On Saturday morning we found ourselves wandering around the Harbor area, and seeing as we were within walking distance, we headed to Quincy Market. Quincy Market is by no means a newcomer to the food hall trend, having been established in 1826. And as such, it’s also one of Boston’s many tourist destinations. And as such, it was so crowded that I’m pretty sure I spent more time trying to get out of people’s way (or get them out of my way) that I ended up not putting much thought into the food itself. I eventually settled on beef and cheese empanadas from El Paso Enchiladas. The beef was well seasoned, obviously done in house as opposed to a premade blend, but the dough around the outside could have been a little doughier, as they were almost phyllo-y in nature. My one friend (uhhh… Friend A?) had their heart set on a lobster roll, and found one at Boston Chowda CO. (one of many spots selling them). They said that while there was a good amount of lobster (so much that they used a fork to eat more than half of it in order to get it down to a more manageable portion for the size of the bun), the lobster roll, mac & cheese and soda they got weren’t quite worth the $30 they spent for it. Friend B got arancini from North End Bakery, which between the not particularly crispy crust and minimal meat inside were just ok. We considered also stopping at Joey’s Gelateria, but by then we had enough of the crowd and got ice cream from a nearby Ghirardelli’s instead. The food was better than most tourist traps I’ve been to, but with all the other hallmarks of a tourist trap the overall experience was not especially enjoyable.
My friends were so turned off by the experience that they vetoed me when I tried to get them to go to Time Out Market in Fenway for dinner that night. And, it wasn’t until we dropped Friend A off at the airport the next day that I was able to convince Friend B to try another food hall that was a little more off the beaten path- Bow Market in Somerville.
Bow Market was a little more like what I had hoped for- an open-air courtyard surrounded by take-out restaurants (and a second level with a variety of little knick-knack shops)- and sparsely populated. Without the pressure of mobs of tourists, I was really able to take in all they had to offer… which turned out to be not as enticing as I had imagined.
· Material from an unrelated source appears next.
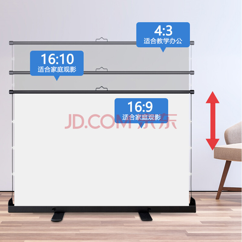 商品相册:鲸米(JINGMI)投影幕布100英寸16:9地拉幕布全面屏手动地升幕布G3拉线白玻纤家用办公户外便携移动投影仪屏幕第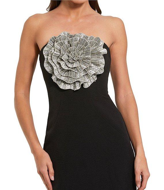 Mac Duggal Strapless 3D Rhinestone Flower Crepe Column Gown

Empanadas? No, I had that yesterday. Wine bar? Not feeling it, we’ve got a long drive ahead of us. Fries? As much as it kills me to say it, fries is not a meal. A Korean place caught my eye, but was closed (a quick look at their website points out that it’s a pop-up that doesn’t open until October… and that also there was a Filipino place somewhere that I missed??) While I had initially been hoping for a more substantial meal, I eventually settled on pierogies from Jaju- one potato and cheese, one kielbasa and red pepper, and one pumpkin spice- all served with sauerkraut and sour cream. They were simple, but properly expressed the flavors they were meant to represent. They were satisfying on their own, and at $6 they were easily one of the best deals I had seen all weekend. Friend B’s $9 macaron ice cream sandwich from Maca, however, not so much… but that’s just how macarons are.
For one reason or another, both food halls failed to live up to the hype. Quincy Market was a madhouse, and Bow Market seemed more like a snacking destination than anything else (although with everything from Peruvian to Himalayan restaurants all on the same street, maybe that was their intention). Was Time Out Market the missing link to understanding the food hall craze? Probably not, since, according to the reviews, most Bostonians seem to think it’s pretentious and overpriced (something that no one at the New York location seems to take issue with). Regardless, I wish High Street Place, Hub Hall, The Beat, et al the best of luck in their upcoming endeavors. Maybe one of them will find a way to make the food hall trend work for Boston.